▸ Your goal
Somewhere below are a line with "The report designer" and a later line with "Large Elephant Design". Output exactly those lines and all lines between them.

### Provided information ###

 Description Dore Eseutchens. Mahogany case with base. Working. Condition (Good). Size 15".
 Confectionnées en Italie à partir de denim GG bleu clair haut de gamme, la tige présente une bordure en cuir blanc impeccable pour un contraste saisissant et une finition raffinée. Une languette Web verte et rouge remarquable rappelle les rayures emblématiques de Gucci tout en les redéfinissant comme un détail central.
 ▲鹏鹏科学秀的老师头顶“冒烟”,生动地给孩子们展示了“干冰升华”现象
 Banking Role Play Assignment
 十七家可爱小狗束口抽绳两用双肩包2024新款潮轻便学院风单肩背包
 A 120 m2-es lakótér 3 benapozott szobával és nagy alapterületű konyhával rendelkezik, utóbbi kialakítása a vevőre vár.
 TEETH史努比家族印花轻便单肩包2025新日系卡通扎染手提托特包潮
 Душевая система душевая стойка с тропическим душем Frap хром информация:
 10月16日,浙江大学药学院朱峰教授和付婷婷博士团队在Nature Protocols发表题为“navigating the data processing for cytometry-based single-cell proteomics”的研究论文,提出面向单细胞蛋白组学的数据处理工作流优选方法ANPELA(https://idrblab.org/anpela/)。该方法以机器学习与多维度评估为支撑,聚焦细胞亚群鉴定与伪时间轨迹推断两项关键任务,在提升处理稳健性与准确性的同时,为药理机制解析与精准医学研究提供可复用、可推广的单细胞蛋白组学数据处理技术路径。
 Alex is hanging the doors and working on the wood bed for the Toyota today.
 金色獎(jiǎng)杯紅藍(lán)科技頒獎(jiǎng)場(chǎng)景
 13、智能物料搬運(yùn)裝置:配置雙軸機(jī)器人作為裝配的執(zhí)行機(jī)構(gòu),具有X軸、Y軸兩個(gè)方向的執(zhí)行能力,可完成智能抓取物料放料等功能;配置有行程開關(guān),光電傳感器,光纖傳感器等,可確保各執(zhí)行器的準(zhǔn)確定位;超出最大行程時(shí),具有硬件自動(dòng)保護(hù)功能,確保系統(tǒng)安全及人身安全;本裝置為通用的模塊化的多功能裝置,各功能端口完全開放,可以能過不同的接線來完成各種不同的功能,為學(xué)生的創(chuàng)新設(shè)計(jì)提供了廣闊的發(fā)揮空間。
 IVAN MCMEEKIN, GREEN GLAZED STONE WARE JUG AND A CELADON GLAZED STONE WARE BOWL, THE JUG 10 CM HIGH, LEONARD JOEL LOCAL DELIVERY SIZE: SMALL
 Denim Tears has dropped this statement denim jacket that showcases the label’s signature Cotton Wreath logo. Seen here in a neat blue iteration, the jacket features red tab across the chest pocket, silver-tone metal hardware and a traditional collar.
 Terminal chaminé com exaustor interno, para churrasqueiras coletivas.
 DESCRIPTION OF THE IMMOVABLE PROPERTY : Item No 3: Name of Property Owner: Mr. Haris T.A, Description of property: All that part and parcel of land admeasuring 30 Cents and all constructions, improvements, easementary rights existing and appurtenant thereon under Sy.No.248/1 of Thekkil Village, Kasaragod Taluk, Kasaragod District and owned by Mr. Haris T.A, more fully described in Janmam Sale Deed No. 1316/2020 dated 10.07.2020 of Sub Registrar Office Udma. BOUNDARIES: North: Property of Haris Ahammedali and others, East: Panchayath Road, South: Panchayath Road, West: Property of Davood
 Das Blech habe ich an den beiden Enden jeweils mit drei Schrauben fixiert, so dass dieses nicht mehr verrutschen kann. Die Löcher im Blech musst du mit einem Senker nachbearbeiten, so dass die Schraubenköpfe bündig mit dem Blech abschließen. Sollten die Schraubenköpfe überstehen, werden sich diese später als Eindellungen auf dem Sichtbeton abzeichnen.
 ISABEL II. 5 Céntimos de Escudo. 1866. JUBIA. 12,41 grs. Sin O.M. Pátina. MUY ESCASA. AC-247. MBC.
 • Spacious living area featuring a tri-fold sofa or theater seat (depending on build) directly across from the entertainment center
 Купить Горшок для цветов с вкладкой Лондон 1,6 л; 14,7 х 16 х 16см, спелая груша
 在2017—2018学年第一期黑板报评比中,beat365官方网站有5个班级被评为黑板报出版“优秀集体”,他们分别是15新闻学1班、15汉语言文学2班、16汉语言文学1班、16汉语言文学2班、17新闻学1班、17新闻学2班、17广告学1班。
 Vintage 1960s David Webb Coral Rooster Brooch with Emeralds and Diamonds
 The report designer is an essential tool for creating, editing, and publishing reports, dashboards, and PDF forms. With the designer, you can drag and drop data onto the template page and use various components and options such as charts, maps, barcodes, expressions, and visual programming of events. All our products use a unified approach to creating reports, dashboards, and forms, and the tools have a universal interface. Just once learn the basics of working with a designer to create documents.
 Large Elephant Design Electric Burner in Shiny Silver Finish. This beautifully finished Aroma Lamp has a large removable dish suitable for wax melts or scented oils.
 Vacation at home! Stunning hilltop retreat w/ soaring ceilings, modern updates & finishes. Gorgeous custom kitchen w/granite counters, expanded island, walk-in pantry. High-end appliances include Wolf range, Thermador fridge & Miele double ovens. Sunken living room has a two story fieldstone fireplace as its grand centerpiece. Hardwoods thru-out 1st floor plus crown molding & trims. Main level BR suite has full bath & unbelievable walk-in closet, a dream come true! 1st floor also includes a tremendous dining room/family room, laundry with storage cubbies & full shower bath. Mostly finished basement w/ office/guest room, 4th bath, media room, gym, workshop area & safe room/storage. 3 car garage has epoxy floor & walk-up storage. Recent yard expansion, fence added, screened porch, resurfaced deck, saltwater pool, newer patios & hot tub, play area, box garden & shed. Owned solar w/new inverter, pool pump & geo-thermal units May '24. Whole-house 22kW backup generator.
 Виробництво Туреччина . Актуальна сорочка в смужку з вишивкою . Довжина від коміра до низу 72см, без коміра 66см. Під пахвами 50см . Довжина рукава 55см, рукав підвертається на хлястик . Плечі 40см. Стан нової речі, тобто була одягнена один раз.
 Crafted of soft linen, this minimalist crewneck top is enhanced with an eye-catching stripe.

###

▸ Answer space
 The report designer is an essential tool for creating, editing, and publishing reports, dashboards, and PDF forms. With the designer, you can drag and drop data onto the template page and use various components and options such as charts, maps, barcodes, expressions, and visual programming of events. All our products use a unified approach to creating reports, dashboards, and forms, and the tools have a universal interface. Just once learn the basics of working with a designer to create documents.
 Large Elephant Design Electric Burner in Shiny Silver Finish. This beautifully finished Aroma Lamp has a large removable dish suitable for wax melts or scented oils.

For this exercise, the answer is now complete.